Would you return exactly the lines from the top of the data below through the one containing "Dickies’ Women’s Water", leaving out the pictures?

DATA SHOWN.
※ ※ ※
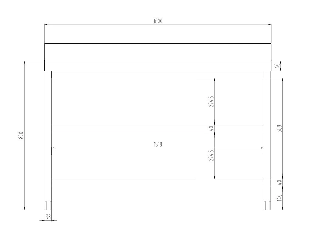 - Wymiary zewnętrzne szer. x gł. x wys: 1.600 mm x 600 mm x 970 mm
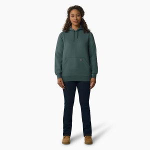 Dickies’ Women’s Water Repellent Sleeve Logo Hoodie is constructed from soft fleece and has a relaxed fit. so it feels cozy and comfortable. Yet it’s as strong and long-lasting as you. Double-needle stitching and the Durable Water Repellent (DWR) finish add strength and protection. so you can wear this hoodie in wet conditions. The crossover neckline. three-piece adjustable hood. and rib-knit waist and cuffs add strength and durability. even in rough weather conditions. Use the front kangaroo pockets to store small work essentials–or just to keep your hands warm. The Dickies Wordmark graphic logo on the left sleeve adds a touch of style.
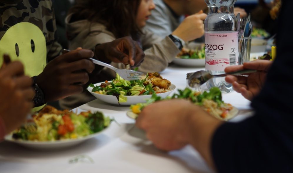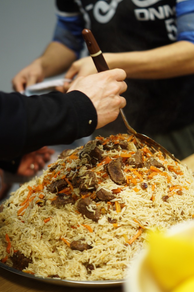 Die Stimmung ist angeregt, alle unterhalten sich miteinander, schaufeln sich Salat und Qaboli Palaw auf ihre Teller. Wenig später sind alle satt und helfen dabei, die Tische umzustellen und neue Sitzmöglichkeiten zu schaffen.
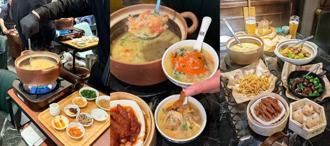 产品上的烟火气更浓。现炒海鲜粥由厨师推餐车到桌边现场制作,点火、下料、翻炒海鲜至红亮,再倒入熬好的白粥煮至滚烂,全程可见火候变化,香气四溢。煮好后,顾客还能添加生蚝、鲍鱼等食材。
※ ※ ※
EXERCISE RESULT.
 - Wymiary zewnętrzne szer. x gł. x wys: 1.600 mm x 600 mm x 970 mm
 Dickies’ Women’s Water Repellent Sleeve Logo Hoodie is constructed from soft fleece and has a relaxed fit. so it feels cozy and comfortable. Yet it’s as strong and long-lasting as you. Double-needle stitching and the Durable Water Repellent (DWR) finish add strength and protection. so you can wear this hoodie in wet conditions. The crossover neckline. three-piece adjustable hood. and rib-knit waist and cuffs add strength and durability. even in rough weather conditions. Use the front kangaroo pockets to store small work essentials–or just to keep your hands warm. The Dickies Wordmark graphic logo on the left sleeve adds a touch of style.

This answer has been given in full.